Hello all. I work at a hospital. The hospital where I lost my son @ 21 weeks.
All has been well (relatively) until I had to train with a woman who is pregnant. and she works with another pregnant woman. And they constantly sit and talk to each other, near me, about their pregnancies. ETC. And someone, at least once a day, asks about when she's due, all that jazz. And the lady that is training me is whining every day about how tired she is....I feel anger. And jealousy, and resentment. And sadness.
But mostly, I feel anxiety. I worry about being able to do my job. I had to take a mental health day today (didn't help the roads were pure ice). I couldn't do it. I feel like i'm losing my mind, even though I know it's normal to have days where you struggle.
I just need a big ole hug and some fuzzy blankets and a pile of puppies.
ok.
Thanks for listening...well.
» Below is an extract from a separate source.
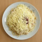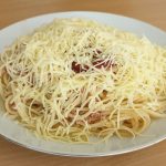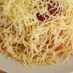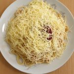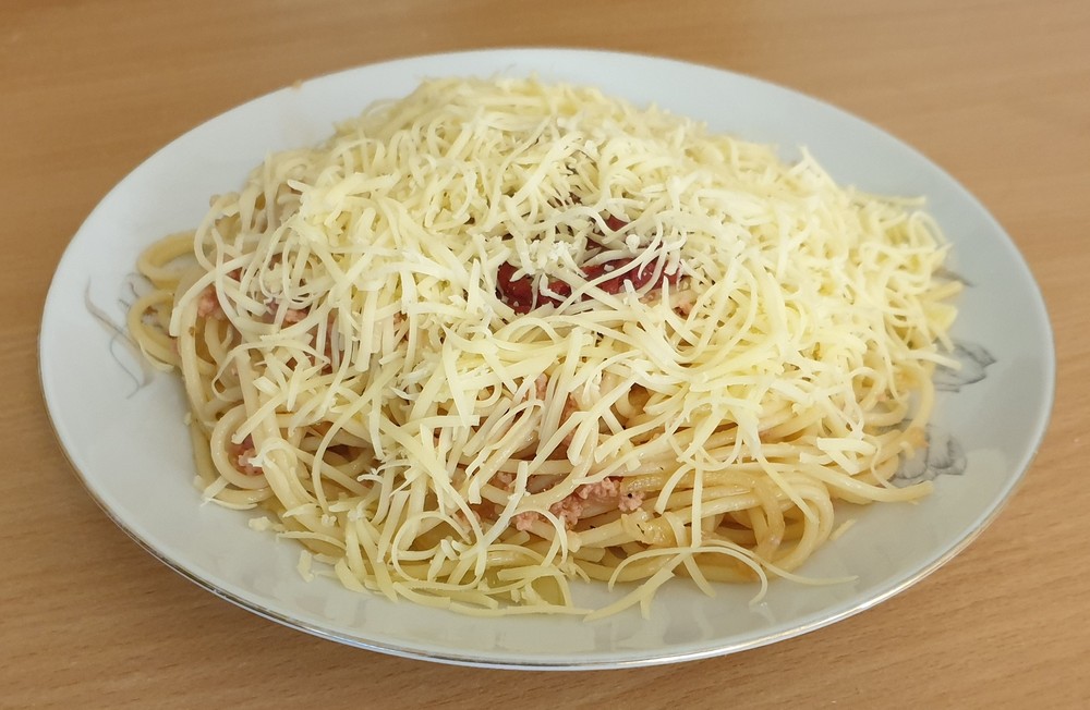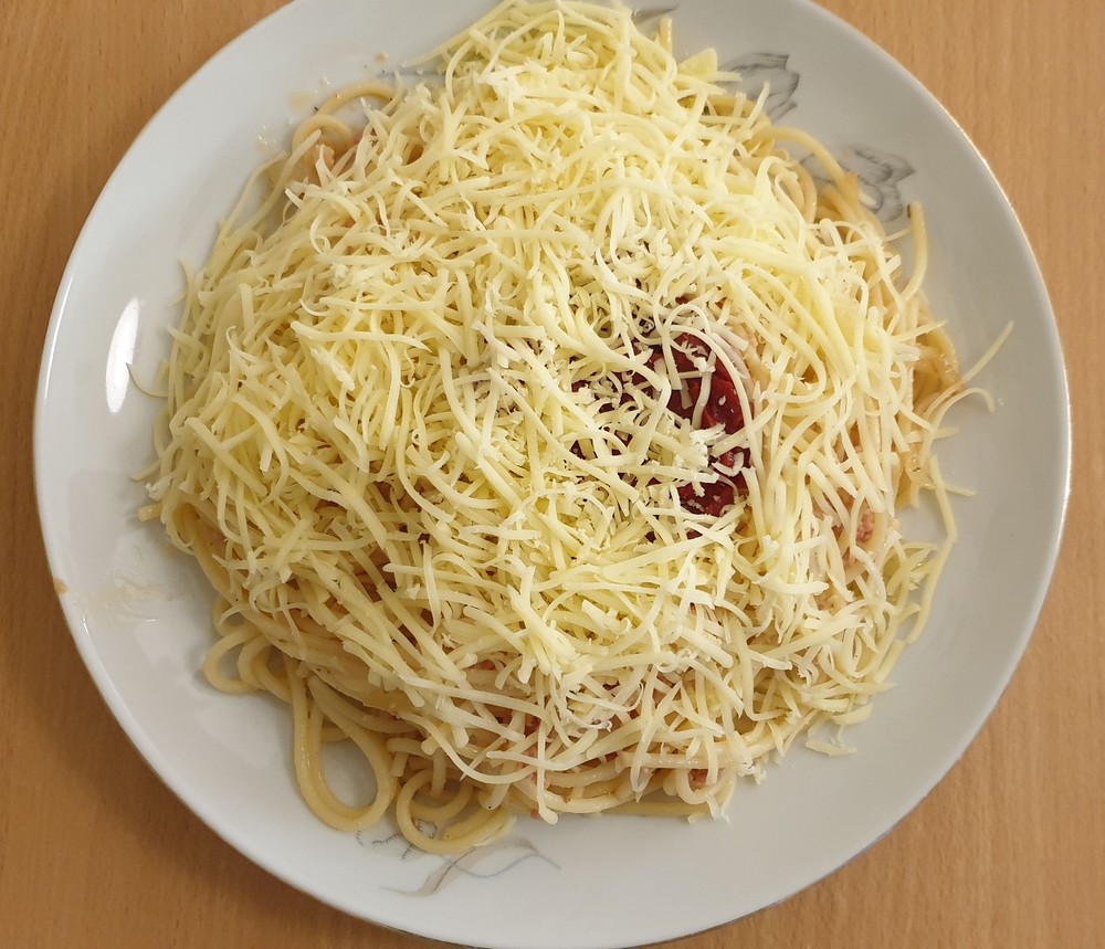 Nandáme špagety, posypeme sýrem a dle chuti přidáme rajský protlak nebo kečup. Já dávám přednost rajskému protlaku. Ale každému dle jeho chuti. 😉

Reading...
*Said goodbye to our angel baby July 30. 2014. only had him for 21 weeks in my belly, missing him every day*
Re: work woes
First, I'm so sorry for your loss.
Lurker here, but I would definitely say something! Do these women know about your loss? If so, they are horribly insensitive. If not, tell them (if you are ready) and ask that they keep the pregnancy bitching to a minimum. I didn't have a later term or infant loss, but I had a difficult pregnancy and I have a vey hard time hearing people bitch about their pregnancy.
How much longer do you have to train with this woman? Can you ask for someone else to train you? ((Hugs)) it's so unfair and hard.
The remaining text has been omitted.